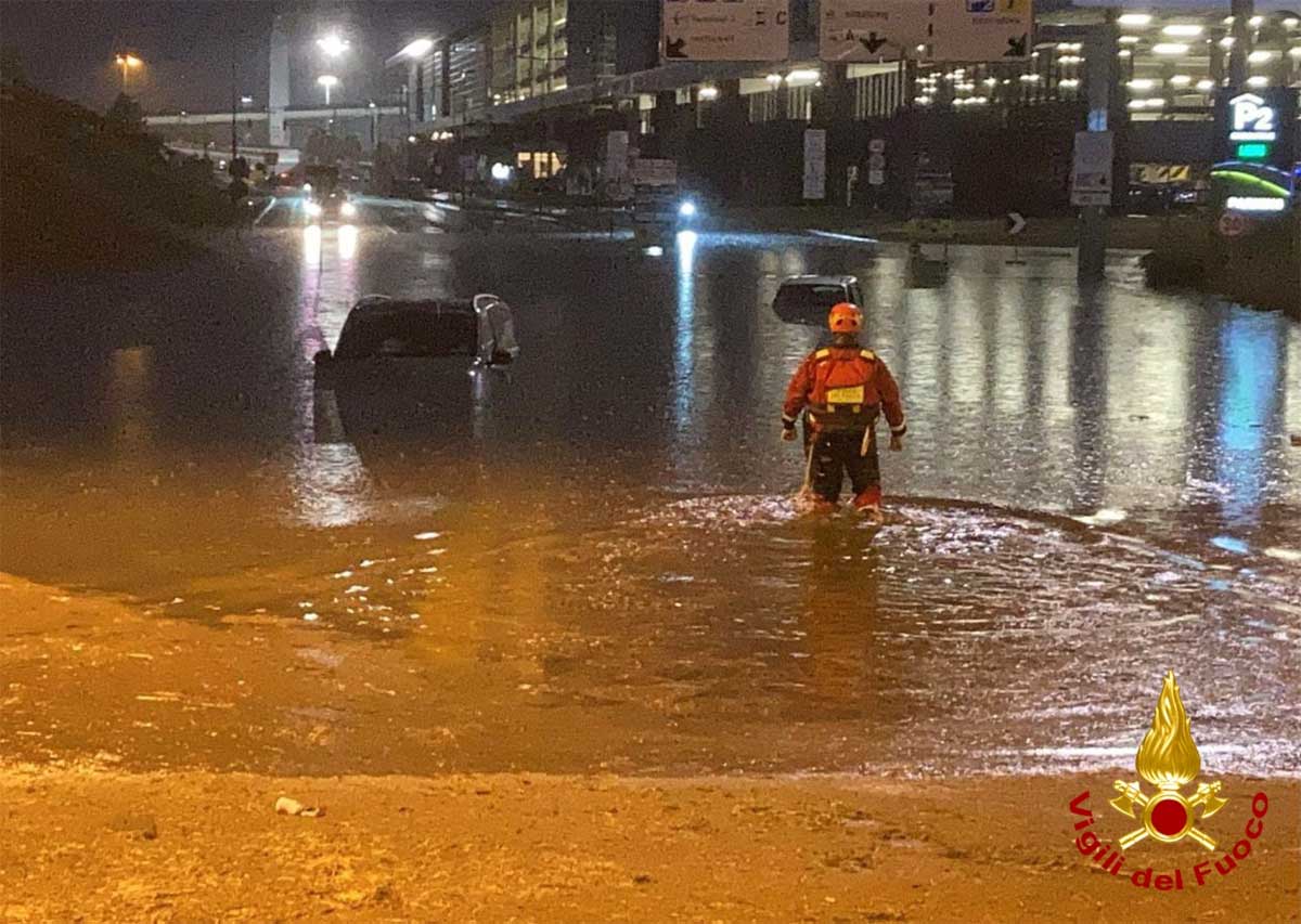 Le operazioni di soccorso effettuate dai vigili del fuoco fluviali a bordo di un gommone per evacuare una trentina di persone bloccate nelle proprie auto dall’acqua, nella zona cargo dello scalo dell’aeroporto.
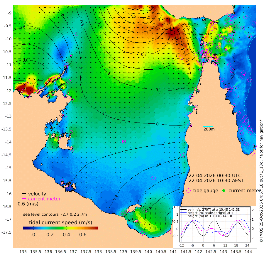 25cm/s -86T +3cm/s rms + 7cm/s -42T. ARA-GOC87 57m 19cm/s -99T +3cm/s rms + 2cm/s -2T. ARA-GOC87 60m 19cm/s -83T +2cm/s rms + 3cm/s 61T. ARA-GOC87 47m -24cm Daru -25cm Bobo Island -20cm Meer Island Barge -20cm Bramble Cay -28cm Unnamed Cay -18cm Pearce Cay -27cm Stephens Island -32cm Merrie England Shoals -27cm Mutacomal Reef -32cm Darnley Island Barge -17cm East Cay -32cm Yorke Island Barge -23cm Rennel Island -22cm Aureed Island -12cm Dungeness Reef -10cm Zagai Island -9cm Yam Island 29cm Dauan Island 8cm Saibai Island 47cm Phipi Reef 7cm Warrior Reef - West 2cm Mabuiag Island Barge -32cm Half Way Island -23cm Coconut Island -30cm Dugong Islet -16cm Poll Island -25cm Kirkcaldie Reef 4cm Suarji Island -29cm Sue Islet 6cm Hawkesbury Island -11cm Alert Patches -16cm Twin Island 18cm Badu Island -11cm St Pauls (Moa Island) 8cm Kubin (Moa Island) -6cm Ince Point -6cm Thursday Island -4cm Nardana Patches 11cm Turtle Head 10cm Round Island 15cm Goods Island 0cm Booby Island 7cm White Rocks Area -55cm Carpentaria -16cm Papou Point -12cm Bampfield Head -9cm Crab Island -1cm Red Wallis Island 12cm Packe Island -33cm Harrington Reef 8cm Herald Camp -7cm Sharp Point 2cm Red Island Point -5cm Possession Island -26cm Alpha Rock -23cm Frederick Point -31cm Wyborn Reef Light -30cm Tetley Island -13cm Triangle Reef -43cm Turtle Head Island -16cm Maclennan Cay -10cm Raine Island -28cm Mcsweeny Reef -27cm Collette Reef -19cm Shadwell Reef -29cm Hannibal Island -19cm Round Point -36cm Vrilya Point -23cm Cape Grenville -17cm Hicks Island -17cm Sir Charles Hardy Island -8cm Harvey Island -22cm Kay Reef -10cm Rocky Island -8cm Chapman Island -15cm Ham Reef -17cm Jubilee Reef -12cm Night Island -15cm Unnamed Reef No. 3 -12cm Morris Island -14cm 1st 3 Mile Opening -16cm Creech Reef -13cm Fife Island -12cm Eden Reef -20cm Stanley Island -18cm Normanby River 101cm Yabooma Island 124cm Hutchison River 108cm Elcho Island 111cm North West Crocodile Island 13cm Cape Wessel 65cm Stevens Island -6cm Guluwuru Island 70cm Hopeful Bay 35cm Auster Point 31cm Two Island Bay 60cm Cadell Strait -143cm Mallison Island 15cm Melville Bay (Gove Harbour) 3cm Truant Island 1cm Cape Arnhem 11cm Cape Grey 29cm Hawk Island 25cm Milner Bay (Groote Eylandt) 37cm Cape Beatrice 31cm West Island 28cm Centre Island 93cm Mornington Island 84cm West Wellesley Islands 149cm Bountiful Island 186cm Albert River Mouth 184cm Sweers Island 185cm Karumba 91cm Nassau River Offshore 58cm Christmas Creek 26cm Archer River 2cm Boyd Point 26cm Weipa (Humbug Point) -23cm Pennefather River -14cm Cullen Point
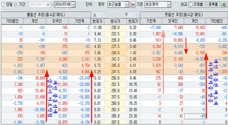 7월 5일 브렉시트의 불안심리에서 벗어난 개인이 콜옵션 매수와 풋옵션 매도를 늘리면서 6일은 외국인의 대규모 공세가 있었다. 마치 스타크래프트 물량 전을 보는 듯한 게임이다. 외국인의 투기적 게임을 위해서 동원할 수 있는 역량이 어디까지인지를 잘 보여주는 예라고 하겠다.
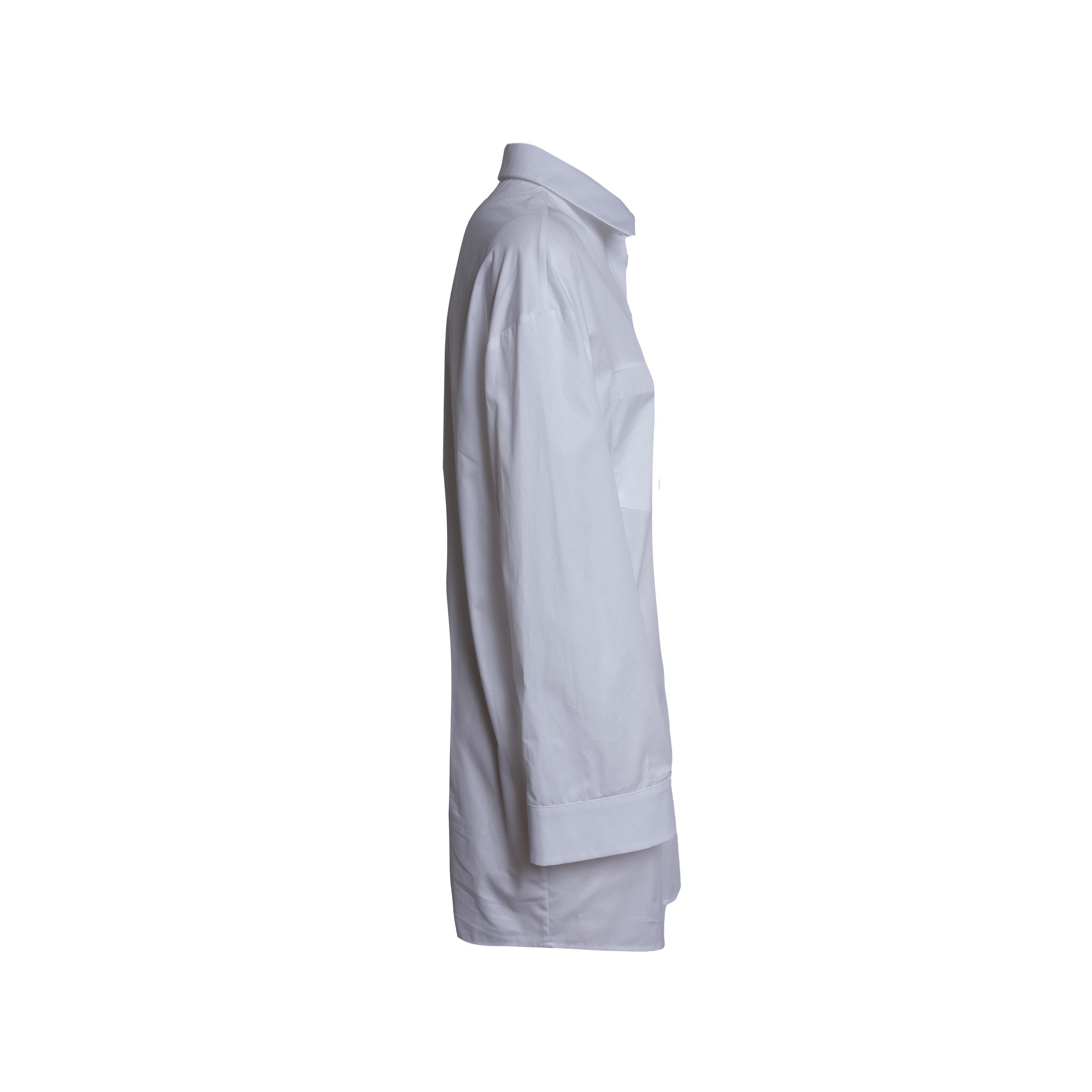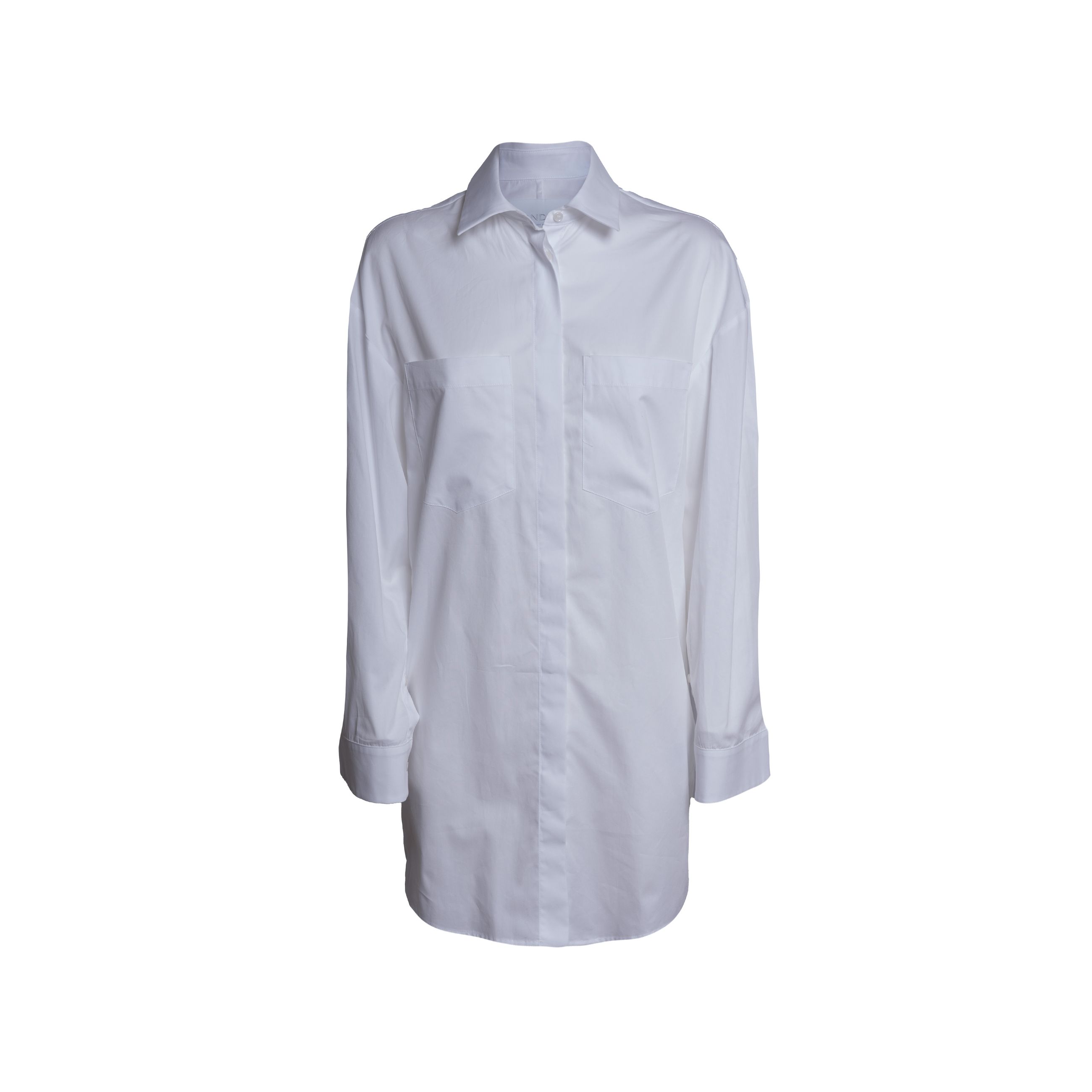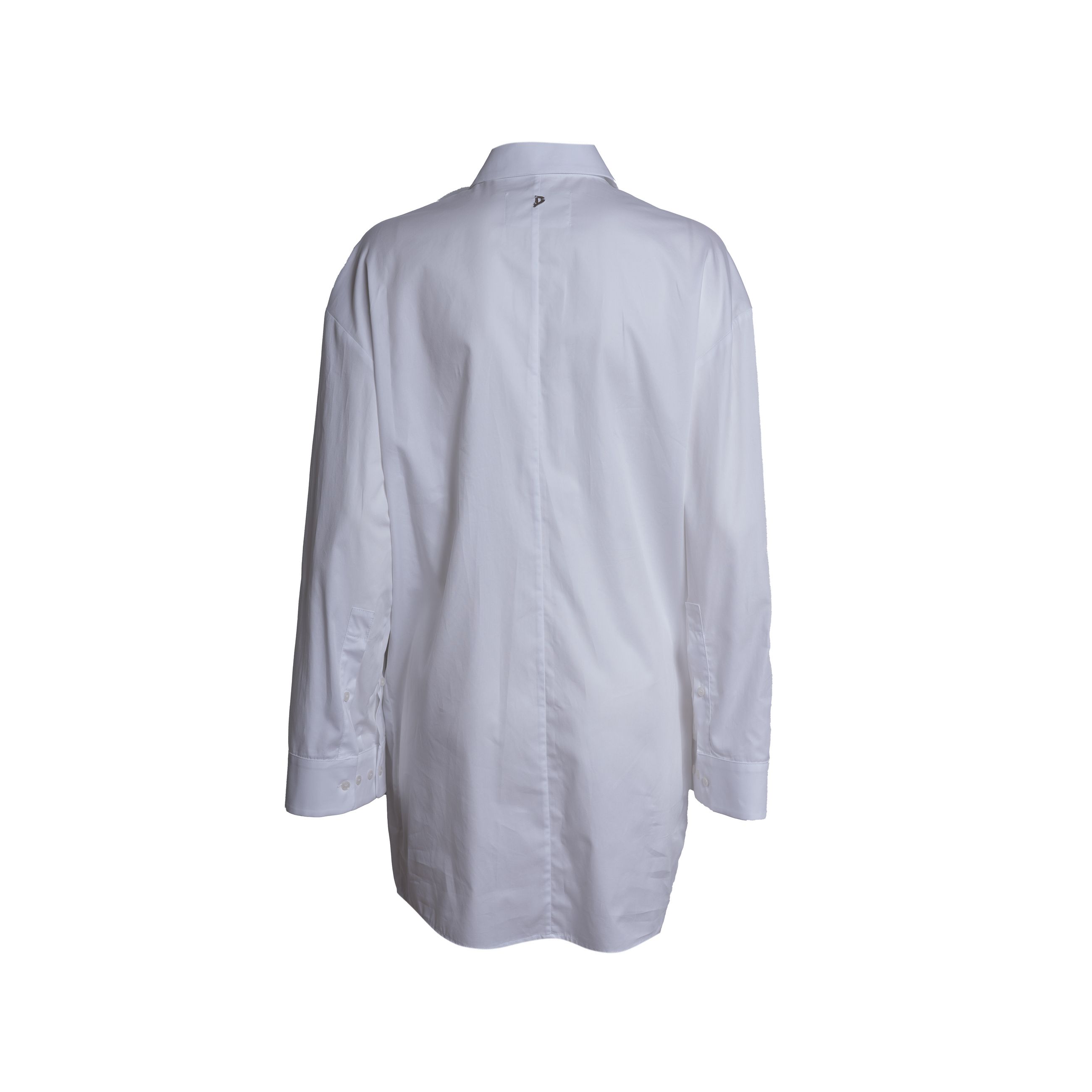 Abito da donna DONDUP. Modello a camicia con maniche svasate ampie, colletto classico, abbottonatura coperta e tasche frontali applicate sul petto realizzata in popeline di fresco cotone. Minigonna asimmetrica realizzata in lana vergine con profilatura in raso, cerniera laterale, da sovrapporre alla maxi camicia. Vestibilità regular. Made in Italy
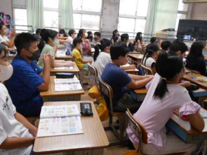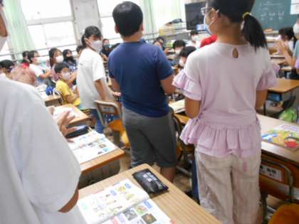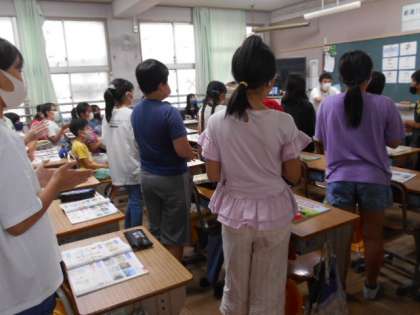 「I can〜」「I can't〜」の表現を使って,自分のことを話しています。手拍子に合わせリズムよく順番に話しています。
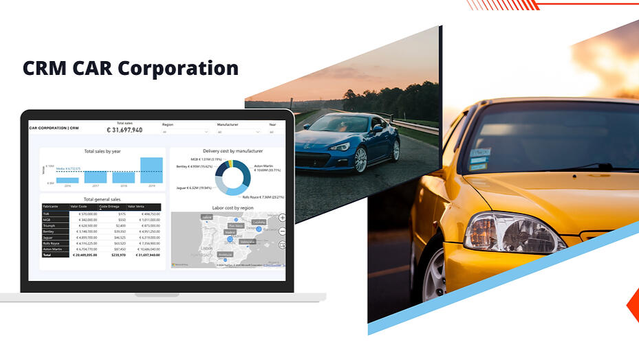 This project involved the development of an interactive dashboard for CAR Corporation International, a luxury car dealership based in Madrid.Objectives:The General Manager was going to present the sales team’s results to the company’s new CEO and needed your help to build a dashboard that represented sales data from 2016 to 2019.The General Manager requested the following:Total sales by yearVehicle delivery costs by manufacturerLabor costs by region or provinceTotal general sales and sales matrixAdditionally, the CEO wanted to visualize total sales by region.Challenge:
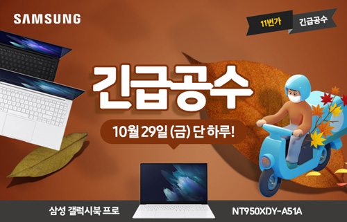 유니씨앤씨는 AMOLED 디스플레이 탑재와 초슬림 초경량 디자인으로 뛰어난 휴대성을 자랑하는 삼성 갤럭시북 프로 NT950XDY-A51A 모델을 대상으로 최대 20만원 추가 할인과 함께 푸짐한 사은품이 주어지는 ‘긴급공수’ 프로모션을 2021년 10월 29일 단 하루 동안 11번가를 통하여 단독 진행한다.
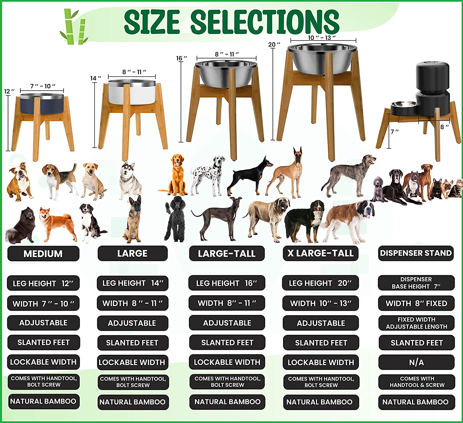 Dog Bowl Stand for Large Dogs - Height 14-Inch, Adjustable, Lockable Width
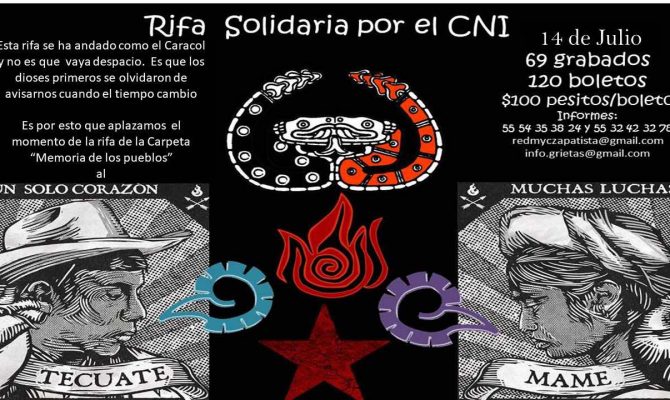 Apoya al CNI-CIG comprando boletos de $100.00 para la rifa de una Carpeta de 69 Grabados “Memoria de los Pueblos”. La rifa será realizada el sábado 14 de julio (se postergó del…

_Required work_. Output exactly the lines above, beginning at the one with "Abito da donna" and stopping after the one with "Dog Bowl Stand". Pictures are to be omitted.

_Response to the task_.
 Abito da donna DONDUP. Modello a camicia con maniche svasate ampie, colletto classico, abbottonatura coperta e tasche frontali applicate sul petto realizzata in popeline di fresco cotone. Minigonna asimmetrica realizzata in lana vergine con profilatura in raso, cerniera laterale, da sovrapporre alla maxi camicia. Vestibilità regular. Made in Italy
 「I can〜」「I can't〜」の表現を使って,自分のことを話しています。手拍子に合わせリズムよく順番に話しています。
 This project involved the development of an interactive dashboard for CAR Corporation International, a luxury car dealership based in Madrid.Objectives:The General Manager was going to present the sales team’s results to the company’s new CEO and needed your help to build a dashboard that represented sales data from 2016 to 2019.The General Manager requested the following:Total sales by yearVehicle delivery costs by manufacturerLabor costs by region or provinceTotal general sales and sales matrixAdditionally, the CEO wanted to visualize total sales by region.Challenge:
 유니씨앤씨는 AMOLED 디스플레이 탑재와 초슬림 초경량 디자인으로 뛰어난 휴대성을 자랑하는 삼성 갤럭시북 프로 NT950XDY-A51A 모델을 대상으로 최대 20만원 추가 할인과 함께 푸짐한 사은품이 주어지는 ‘긴급공수’ 프로모션을 2021년 10월 29일 단 하루 동안 11번가를 통하여 단독 진행한다.
 Dog Bowl Stand for Large Dogs - Height 14-Inch, Adjustable, Lockable Width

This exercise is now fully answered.